Comparing the difference in change in repeated measures ordinal variables between two groups

I have two groups of patients, those with (OSA) and those without (nOSA) sleep apnoea. Patients were scheduled to undergo a surgical procedure (Sx). Each patient completed a type of quality of life survey before (pre-Sx) and after (post-Sx) surgery. Each question in the quality of life survey is scored 0, 1, 2, 3 (with 0 being the "best" and 3 being the "worst").

I want to find answer a specific question, but am unsure which test is most appropriate - Was the change in quality of life (change in the ordinal variable) following the surgery different for OSA versus nOSA patients? We suspect that the OSA group has a greater change in quality of life after surgery, compared with the nOSA group.

So I need some kind of test which can compare the change in the distribution of the scores between the two groups?

Or would it make sense to some kind of multivariate analysis and use "OSA/nOSA" as a variable and see if it significantly contributes to the change in quality of life after surgery. Could I do a multivariate regression model of some kind?

Using SPSS...

Any insights most welcome!

• Summated scale scores from health-related quality of life questionnaires are generally treated as numerical variables, so that parametric and non-parametric tests for continuous data are used. If, on the contrary, you are interested in responses to a particular Likert-type item, then treating those responses as ordinal make sense (although many authors would still rely on statistical tests for continuous data, provided the distribution of responses does not exhibit a high skewness). – chl Sep 28 '14 at 19:22
• I would strongly advise against treating ordinal data as numeric on an interval or ratio scale. It's a hack, and just because it's commonly done doesn't make it valid. You should look into ordinal mixed regression, which handles the repeated-measures design nicely. Beware that this will take you some time to get acquainted to, as both the theory and the correct model specification can be difficult to grasp at first. – coanil Sep 29 '14 at 12:10
• Your design seems to be quite simple. There is one fixed between-group factor (OSA vs nOSA) and one fixed repeated-measures factor (pre-Sx vs post-Sx). The model is Y = RMfactor + BGfactor + RMfactor*BGfactor where the significance of the last term, the interaction, is what interests you. The only dilemma is whether to treat Y as interval or as ordinal. If interval - simply use linear model (usual ANOVA). If ordinal - use generalized linear model (in a form of GEE, "generalized estimating equations") with cumulative logit or probit link function (i.e. "ordinal ANOVA"). – ttnphns Sep 30 '14 at 2:31

If you are familiar with ordinal logistic regression models and mixed-effects models with lmer in the lme4 package in R, you may want to check out the clmm (cumulative link mixed models) function in the ordinal package. This function, built on lmer, may prove especially useful if you have covariates to control for.

I suppose this answer may be more relevant to Brian's problem than that of @user45094; I am not sure if SPSS has something like cumulative link mixed models.
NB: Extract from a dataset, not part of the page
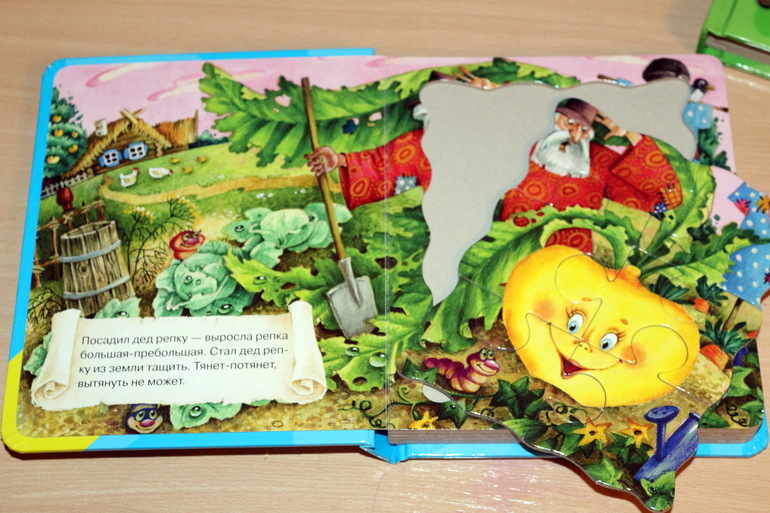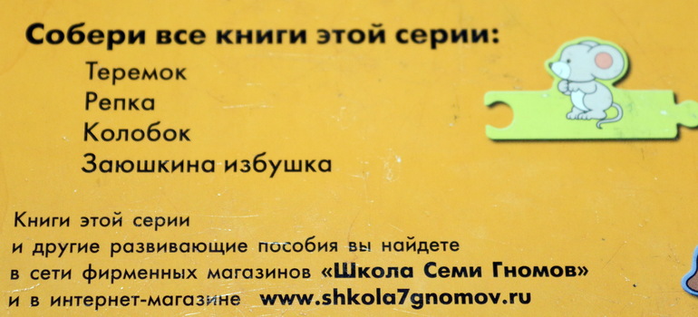 Следующая серия книг идёт для деток 3+. Но моя дочка уже легко собирает эти пазлы, а сюжет книг знаком нам всем с самого раннего детства.

I believe the Wilcoxon signed-rank test is the one that fits your situation the best. Check here or reference [1] for more detailed explanation about the test.

The Wilcoxon signed-rank test is used to compare two paired samples when data are either interval scale but assumptions for the paired t-test (normality of within-pair differences) are not satisfied or ordinal (ranked) scale. The hypothesis being tested is whether the median difference is zero (as opposed to mean difference in the paired t-test). [1]
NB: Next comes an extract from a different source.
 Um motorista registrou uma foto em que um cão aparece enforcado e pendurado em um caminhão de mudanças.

Moreover, one assumption about the test is that "the distribution of the differences between the two related groups (i.e., the distribution of differences between the scores of both groups of the independent variable; for example, the reaction time in a room with "blue lighting" and a room with "red lighting") needs to be symmetrical in shape" [2]

If the above assumption doesn't hold in your real data, another suitable test is the Sign test [3]

The reference [2] and [3] are tutorials of using SPSS to conduct the two tests, which I think exactly fits your case.You can find the step-by-step explanations through the two links.

Hope this helps.

Reference:

[1] Evie McCrum-Gardner, 2008, "Which is the correct statistical test to use?"